7. Consider the question of bringing AI into your customer support mix, being careful to not think of AI vs. human agent support as an either/or proposition. Many times the best approach is to think of AI using the triangular model (both as an operational model and as a mental model that can guide your thinking) pioneered by Ryan Lester, Director of Customer Engagement Technologies at LogMeIn, developers of Bold360, an AI-powered customer engagement solution. [Disclosure: I have done consultant workfor Bold360.]
In Lester’s triangle, one point is the customer; the second point is the chatbot, and the third point is the agent, with great support coming from the interactions, or “conversations,” among the three of them.” With proper AI implementation that follows Lester’s approach, a customer’s interaction might start with AI, via an AI-powered dynamic search bar or chatbot, but you don’t expect your deployment of AI to handle everything. The interaction can be moved over to the human agent when it gets complex, but with bot continuing to assist the agent either behind the scenes or more directly–automatically inserting tracking results into the conversation, for example–as part of the support the customer receives.
8. Work on how you go about giving customer service and customer support over social media. Customer support via social media channels is a newer arrival on the scene than telephone customer support, which goes back many decades, and email, which is also pretty well established, and it’s often treated haphazardly in comparison. But I encourage you to put a similar level of planning and professionalism into how you approach it. You should be ready to engage and assist customers via social media as systematically and thoroughly as you do via more traditional channels.

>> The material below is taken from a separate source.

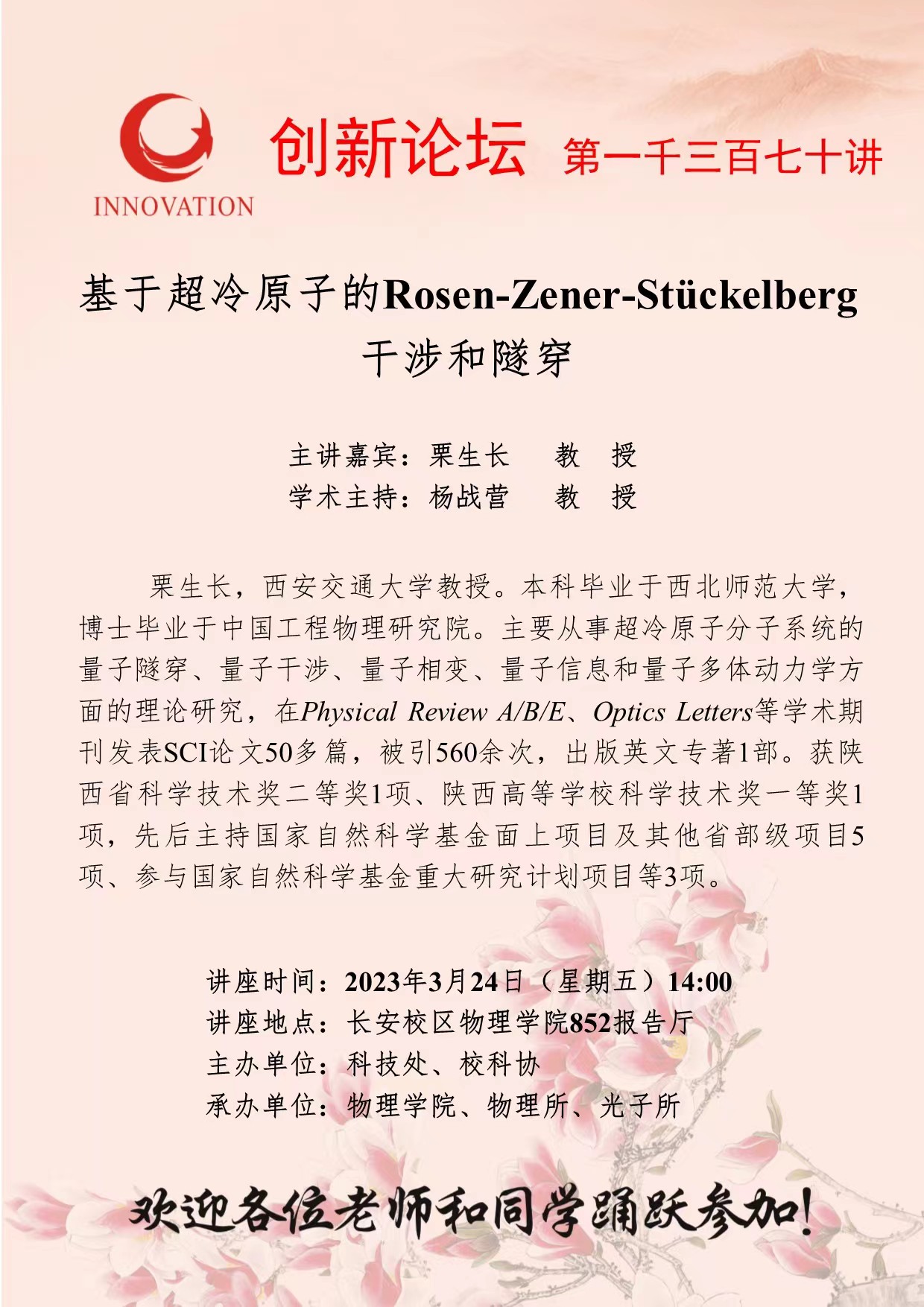 栗生长 教 授 星空app官网创新论坛第一千三百七十讲:基于超冷原子的Rosen-Zener-Stückelberg干涉和隧穿 讲座时间 2023年3月24日(星期五)14:00 讲座地点 长安校区物理学院852报告厅 讲座人介绍 栗生长 教 授 讲座内容

To get this effort off on the right foot, staff your social media team with true customer service professionals, just like you staff your telephone support–rather than with employees whom you’ve put there solely because of their affinity for technology and who may or may not have the same affinity for human-on-human interaction. Properly selected and trained customer support representatives know how to “listen” empathetically and answer in kind, which is perhaps even more important on social than it is on the phone, due to the lack of audible cues like you’d get on the phone (and the fact that your employees are leaving a written, public record with their every social media response).
9. Introduce a repeating ritual to reinforce your customer service principles and standards. Day after day, time can chip away at whatever progress you’ve made in your level of customer service, through the inevitable force of entropy, or, day after day, time can be your ally as you methodically reinforce and add texture and heft to the customer service excellence that you’ve begun to establish. One powerful sustaining ritual that I initiate with many customer service consulting clients is what I call a daily Customer Service Minute. (In spite of its name, it will more likely require five minutes, but keep it under ten.) Hold your Customer Service Minute at the beginning of each workday (or at the beginning of each shift, if you run more than one shift a day). This will be a ritual that involves employees–all employees–meeting in small groups at the same time each day to kick off the workday on the right note.
Each Customer Service Minute should be devoted to a single aspect of providing great service. This generally includes sharing examples that illustrate the service principle in question as well as going over helpful techniques, pitfalls encountered, and challenges overcome. I recommend that the leader be a different employee each day; if you take this approach, your employees, in rotation, will be learning and teaching at the same time, and you’ll avoid overburdening any manager or single team member.